Data records:
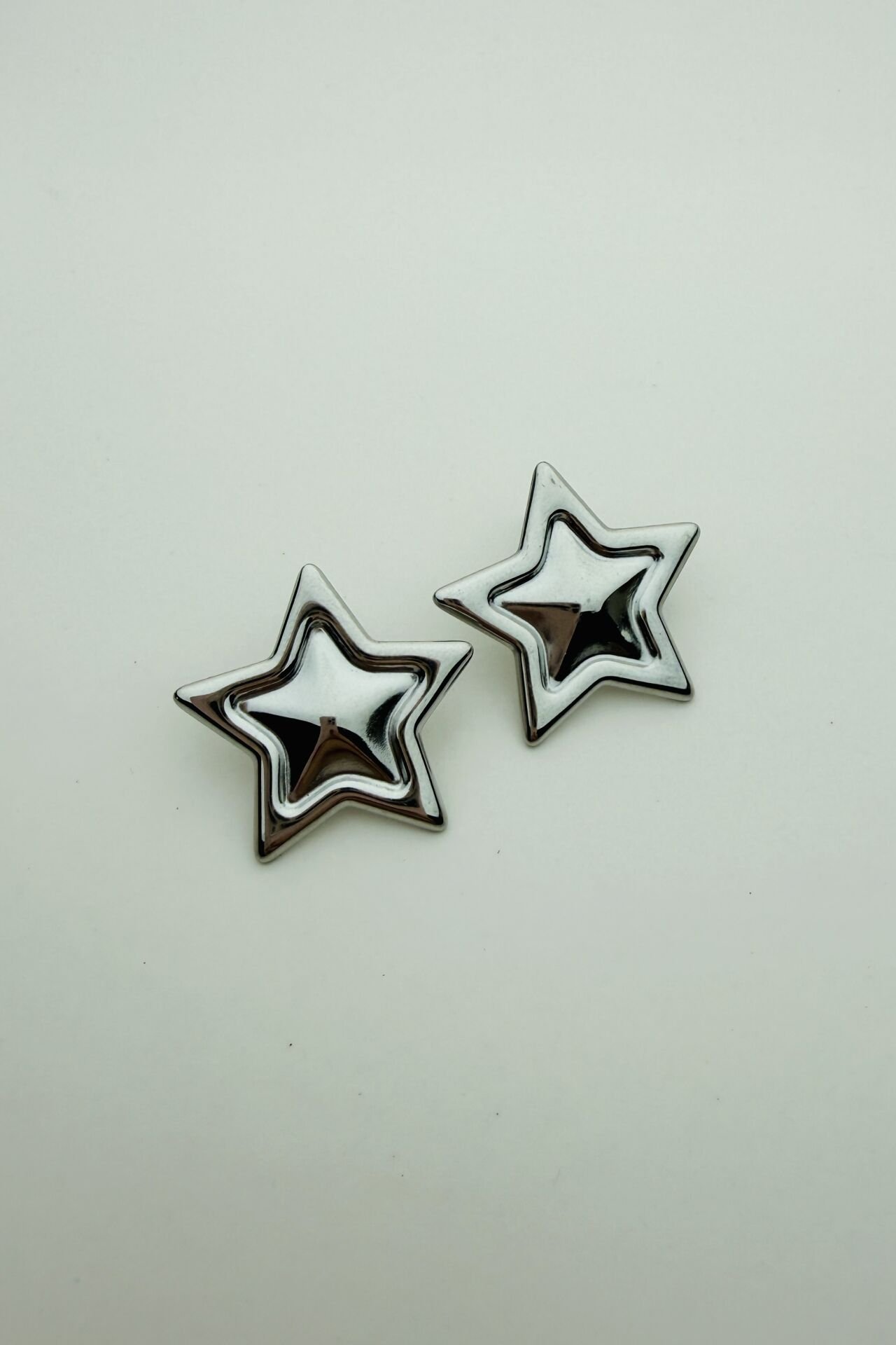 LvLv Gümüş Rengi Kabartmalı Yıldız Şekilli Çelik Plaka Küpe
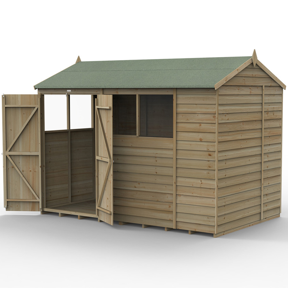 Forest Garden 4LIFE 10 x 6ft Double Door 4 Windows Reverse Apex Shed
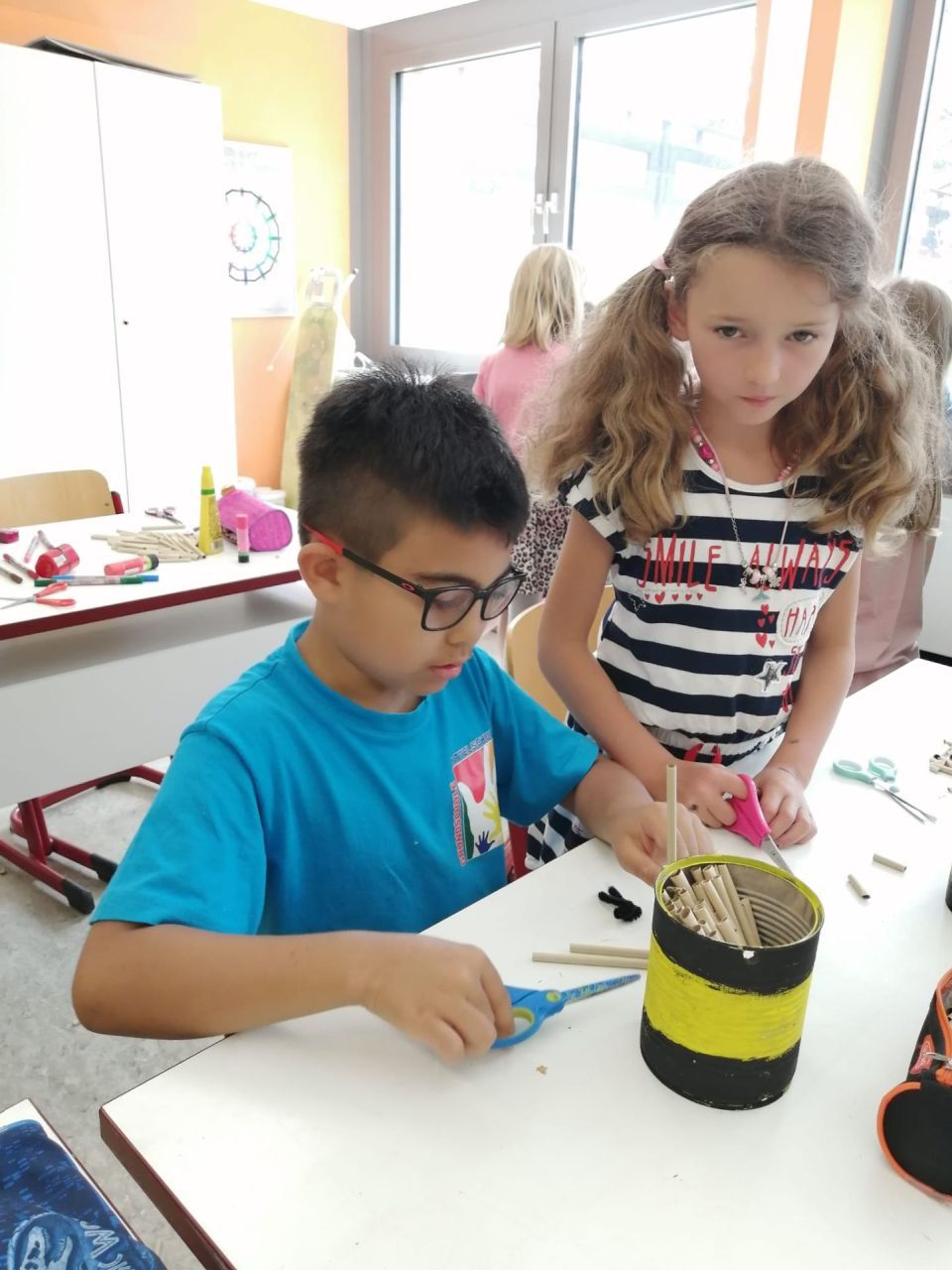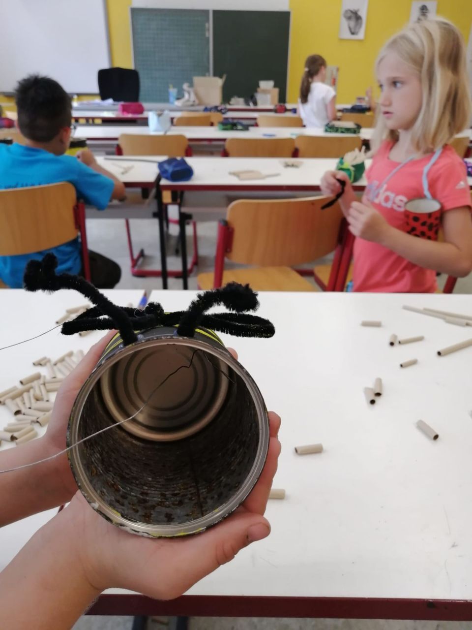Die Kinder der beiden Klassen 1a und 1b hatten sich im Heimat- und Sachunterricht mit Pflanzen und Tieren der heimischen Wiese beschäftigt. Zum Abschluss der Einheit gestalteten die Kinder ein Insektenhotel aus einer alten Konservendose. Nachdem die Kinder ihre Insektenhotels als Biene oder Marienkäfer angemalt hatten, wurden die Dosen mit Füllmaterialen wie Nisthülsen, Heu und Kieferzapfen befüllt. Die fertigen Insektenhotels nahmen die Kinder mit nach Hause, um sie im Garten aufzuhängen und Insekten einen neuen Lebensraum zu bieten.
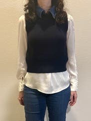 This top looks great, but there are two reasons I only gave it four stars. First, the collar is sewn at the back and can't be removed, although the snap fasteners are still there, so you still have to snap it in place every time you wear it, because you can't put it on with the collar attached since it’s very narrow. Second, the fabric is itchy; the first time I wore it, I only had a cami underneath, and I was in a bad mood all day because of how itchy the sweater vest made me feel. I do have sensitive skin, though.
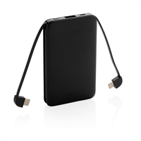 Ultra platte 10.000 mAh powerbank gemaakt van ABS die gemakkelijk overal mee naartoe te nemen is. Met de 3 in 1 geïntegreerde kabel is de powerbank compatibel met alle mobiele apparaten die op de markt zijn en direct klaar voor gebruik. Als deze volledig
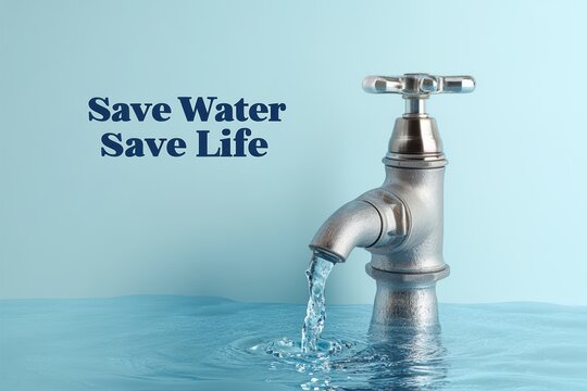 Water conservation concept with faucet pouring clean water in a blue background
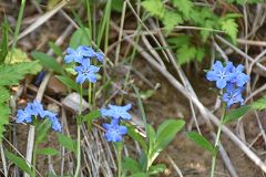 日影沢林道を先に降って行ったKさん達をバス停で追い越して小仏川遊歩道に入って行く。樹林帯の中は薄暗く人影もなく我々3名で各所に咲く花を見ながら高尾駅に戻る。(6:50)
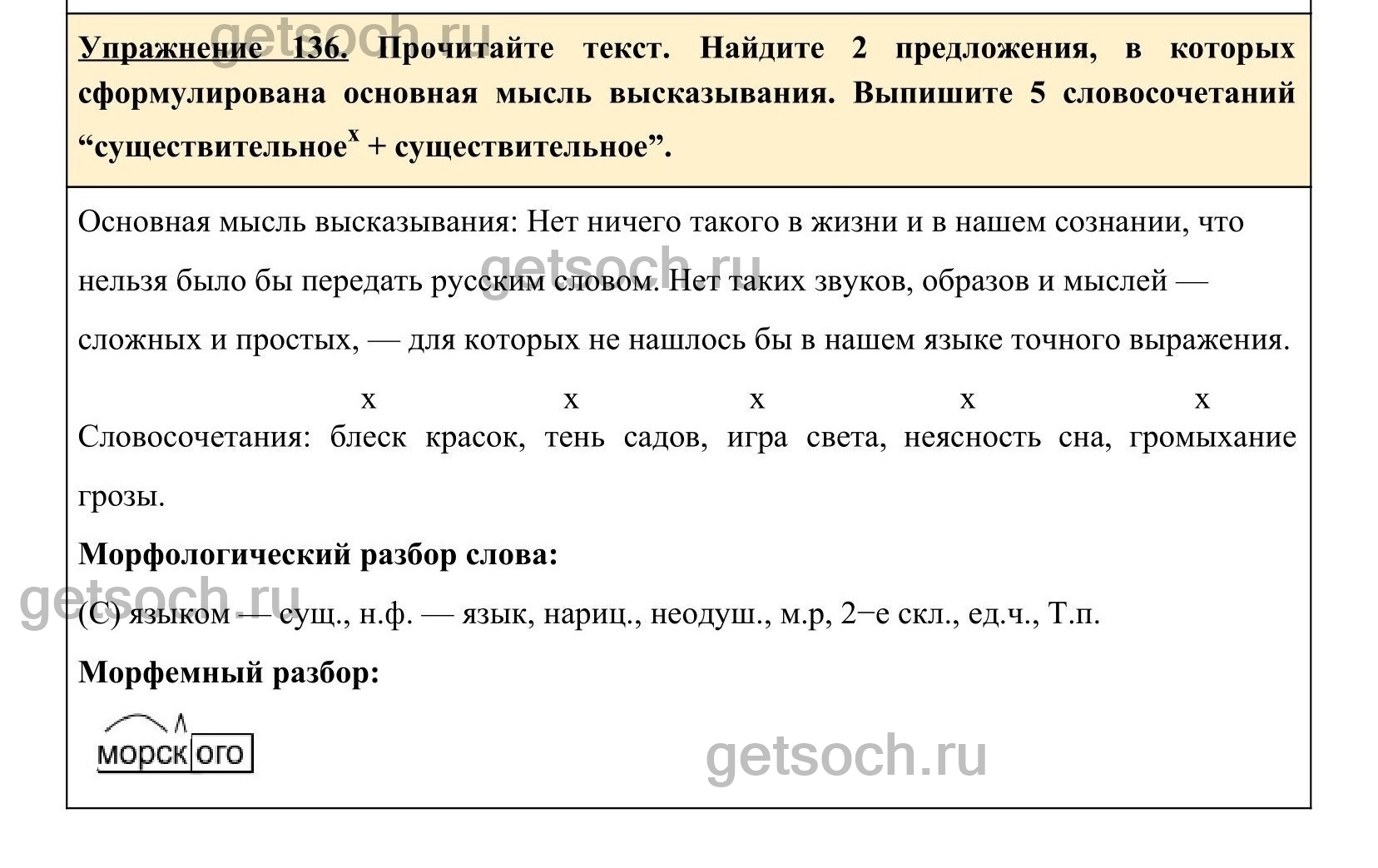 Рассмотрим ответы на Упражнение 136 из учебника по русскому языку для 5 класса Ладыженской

> _Your objective_:
Write out the entries above verbatim, without pictures.

> _Written response_:
 LvLv Gümüş Rengi Kabartmalı Yıldız Şekilli Çelik Plaka Küpe
 Forest Garden 4LIFE 10 x 6ft Double Door 4 Windows Reverse Apex Shed
Die Kinder der beiden Klassen 1a und 1b hatten sich im Heimat- und Sachunterricht mit Pflanzen und Tieren der heimischen Wiese beschäftigt. Zum Abschluss der Einheit gestalteten die Kinder ein Insektenhotel aus einer alten Konservendose. Nachdem die Kinder ihre Insektenhotels als Biene oder Marienkäfer angemalt hatten, wurden die Dosen mit Füllmaterialen wie Nisthülsen, Heu und Kieferzapfen befüllt. Die fertigen Insektenhotels nahmen die Kinder mit nach Hause, um sie im Garten aufzuhängen und Insekten einen neuen Lebensraum zu bieten.
 This top looks great, but there are two reasons I only gave it four stars. First, the collar is sewn at the back and can't be removed, although the snap fasteners are still there, so you still have to snap it in place every time you wear it, because you can't put it on with the collar attached since it’s very narrow. Second, the fabric is itchy; the first time I wore it, I only had a cami underneath, and I was in a bad mood all day because of how itchy the sweater vest made me feel. I do have sensitive skin, though.
 Ultra platte 10.000 mAh powerbank gemaakt van ABS die gemakkelijk overal mee naartoe te nemen is. Met de 3 in 1 geïntegreerde kabel is de powerbank compatibel met alle mobiele apparaten die op de markt zijn en direct klaar voor gebruik. Als deze volledig
 Water conservation concept with faucet pouring clean water in a blue background
 日影沢林道を先に降って行ったKさん達をバス停で追い越して小仏川遊歩道に入って行く。樹林帯の中は薄暗く人影もなく我々3名で各所に咲く花を見ながら高尾駅に戻る。(6:50)
 Рассмотрим ответы на Упражнение 136 из учебника по русскому языку для 5 класса Ладыженской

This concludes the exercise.